WHAT THE EXERCISE ASKS ▸ Transcribe the entries below exactly, starting with the line that has "Summer Tops Women" and stopping after the line that has "售罄展示欲妄原创设计黑身jk"; no pictures belong in the copy.

Segment Start: RECORDS SUPPLIED

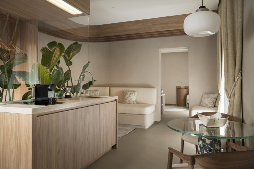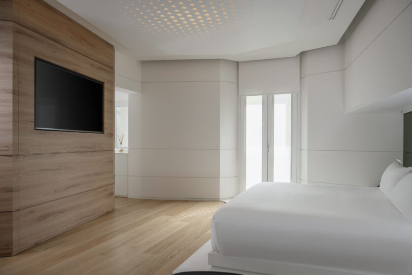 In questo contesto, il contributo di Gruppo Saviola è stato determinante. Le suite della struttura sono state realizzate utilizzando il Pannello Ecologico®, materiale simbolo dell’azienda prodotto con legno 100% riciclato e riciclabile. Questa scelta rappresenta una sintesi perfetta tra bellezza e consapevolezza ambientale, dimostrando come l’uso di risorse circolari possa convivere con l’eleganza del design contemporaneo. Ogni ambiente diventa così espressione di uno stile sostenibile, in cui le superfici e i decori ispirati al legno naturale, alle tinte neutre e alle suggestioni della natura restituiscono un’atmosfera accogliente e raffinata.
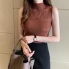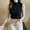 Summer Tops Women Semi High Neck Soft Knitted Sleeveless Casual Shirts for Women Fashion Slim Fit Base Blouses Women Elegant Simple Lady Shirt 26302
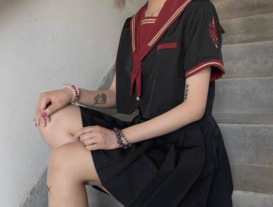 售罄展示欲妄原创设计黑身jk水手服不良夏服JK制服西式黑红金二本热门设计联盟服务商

Segment End: RECORDS SUPPLIED
Segment Start: RECORDS SUPPLIED

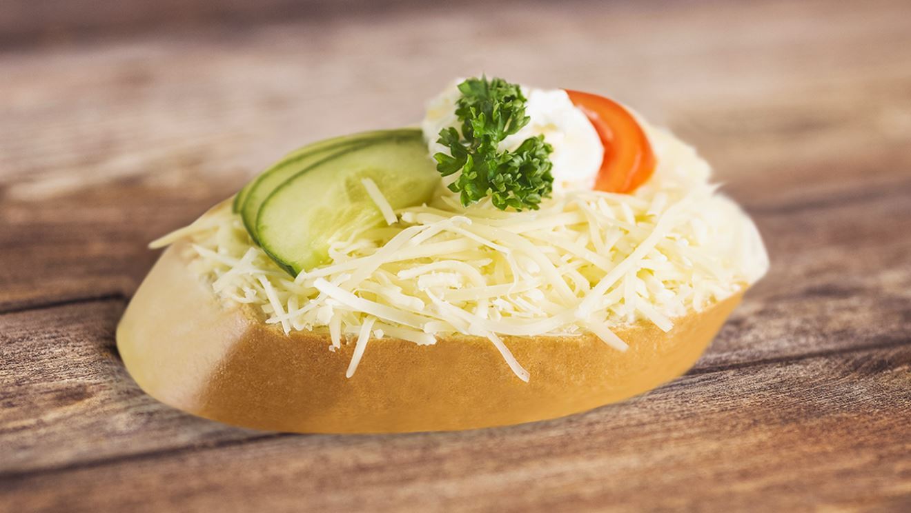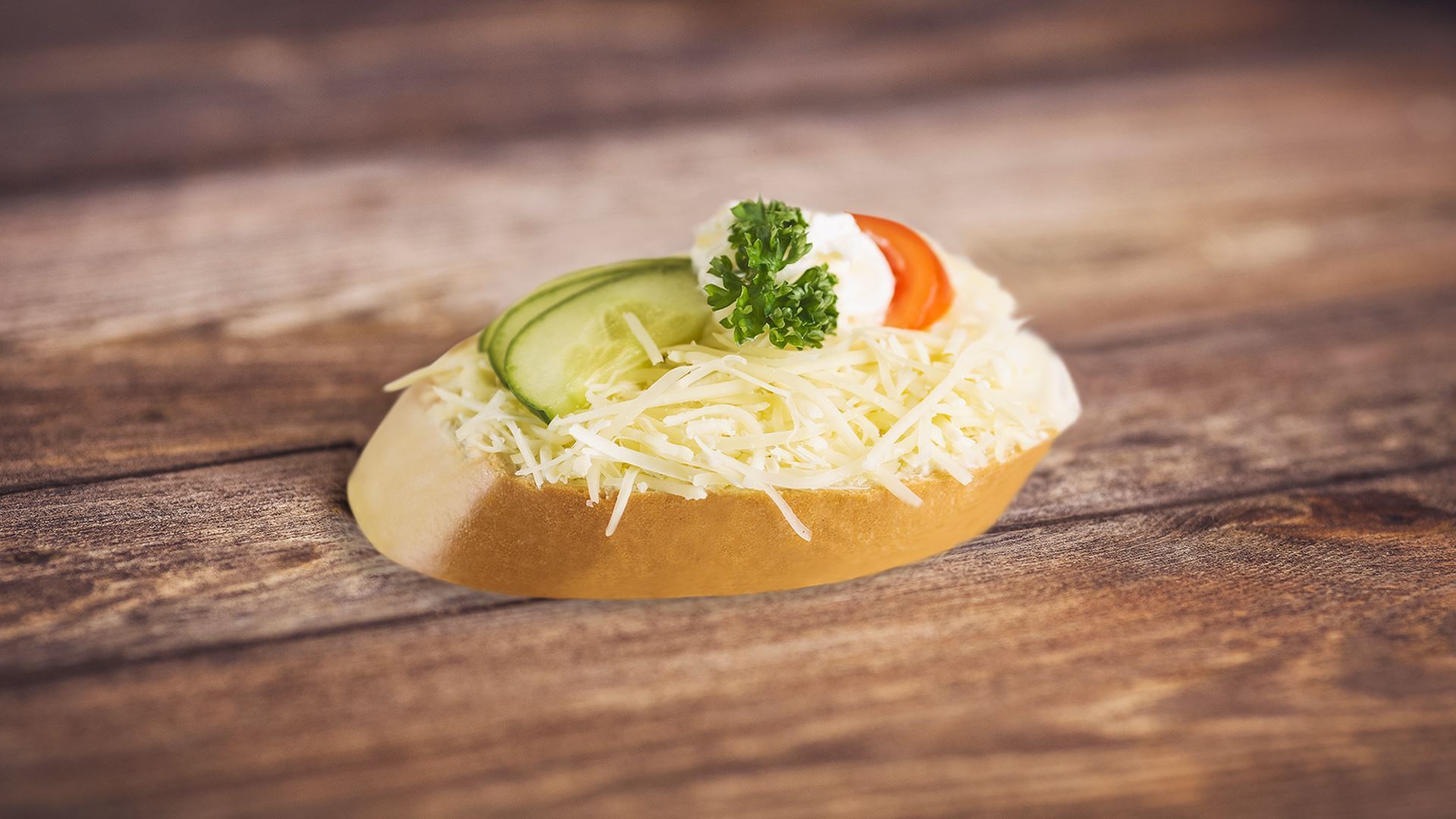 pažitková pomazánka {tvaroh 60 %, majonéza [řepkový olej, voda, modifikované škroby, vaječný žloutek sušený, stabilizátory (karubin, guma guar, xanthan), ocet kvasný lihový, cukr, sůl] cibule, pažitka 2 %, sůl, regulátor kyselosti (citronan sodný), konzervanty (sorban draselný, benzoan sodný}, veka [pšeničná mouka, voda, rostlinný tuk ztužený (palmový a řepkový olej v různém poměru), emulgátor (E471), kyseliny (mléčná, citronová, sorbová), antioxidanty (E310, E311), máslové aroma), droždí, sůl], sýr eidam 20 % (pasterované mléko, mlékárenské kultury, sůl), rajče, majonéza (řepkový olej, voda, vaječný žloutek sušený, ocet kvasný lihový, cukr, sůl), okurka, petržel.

Segment End: RECORDS SUPPLIED
Segment Start: RECORDS SUPPLIED

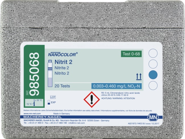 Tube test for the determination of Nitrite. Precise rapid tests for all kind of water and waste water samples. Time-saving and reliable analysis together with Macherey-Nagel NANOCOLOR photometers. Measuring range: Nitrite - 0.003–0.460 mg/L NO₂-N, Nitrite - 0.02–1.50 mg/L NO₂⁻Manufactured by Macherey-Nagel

Segment End: RECORDS SUPPLIED

ANSWER BELOW ▸
 Summer Tops Women Semi High Neck Soft Knitted Sleeveless Casual Shirts for Women Fashion Slim Fit Base Blouses Women Elegant Simple Lady Shirt 26302
 售罄展示欲妄原创设计黑身jk水手服不良夏服JK制服西式黑红金二本热门设计联盟服务商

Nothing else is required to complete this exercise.